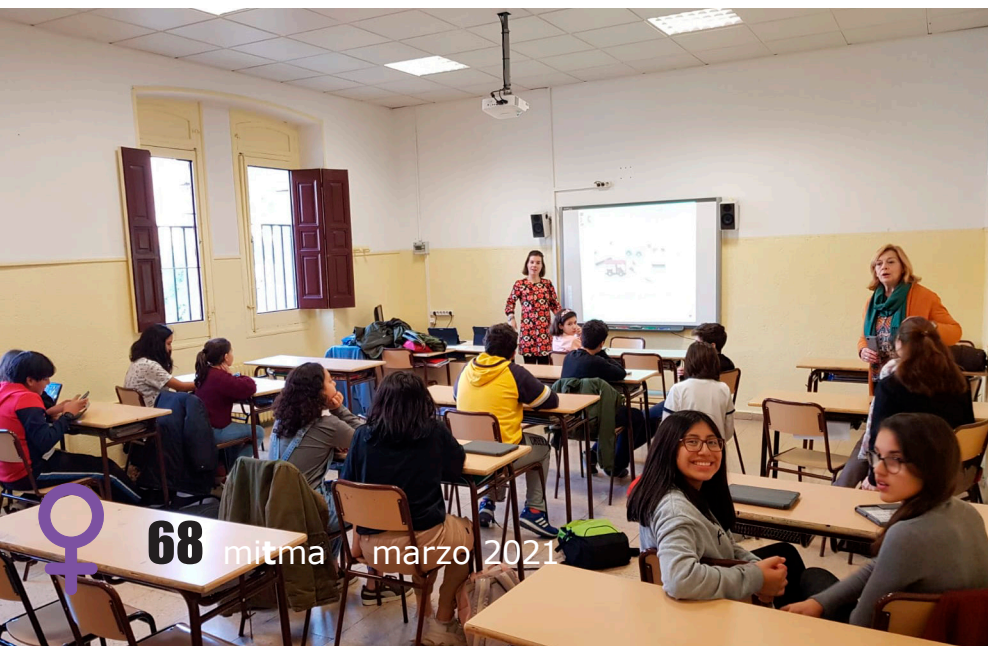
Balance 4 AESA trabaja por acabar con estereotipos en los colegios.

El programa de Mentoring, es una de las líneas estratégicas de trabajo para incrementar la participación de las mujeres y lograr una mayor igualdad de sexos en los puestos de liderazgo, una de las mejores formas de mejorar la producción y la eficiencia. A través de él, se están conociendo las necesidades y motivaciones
==
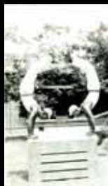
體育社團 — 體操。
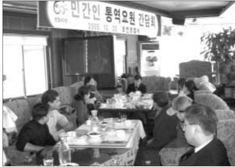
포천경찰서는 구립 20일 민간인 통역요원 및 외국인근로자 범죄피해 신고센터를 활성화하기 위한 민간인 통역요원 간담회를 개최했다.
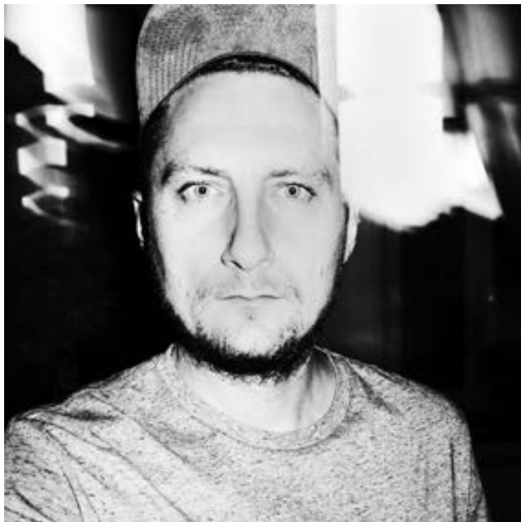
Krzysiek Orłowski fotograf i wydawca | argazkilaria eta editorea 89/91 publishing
* * *
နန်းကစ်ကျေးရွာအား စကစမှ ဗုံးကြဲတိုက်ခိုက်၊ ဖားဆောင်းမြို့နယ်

◆ **Task statement**: Scan the entries above for the line containing "Balance 4 AESA", and copy it and all lines after it exactly, down to and including the line containing "El programa de".

◆ **Solution for this exercise**:
Balance 4 AESA trabaja por acabar con estereotipos en los colegios.

El programa de Mentoring, es una de las líneas estratégicas de trabajo para incrementar la participación de las mujeres y lograr una mayor igualdad de sexos en los puestos de liderazgo, una de las mejores formas de mejorar la producción y la eficiencia. A través de él, se están conociendo las necesidades y motivaciones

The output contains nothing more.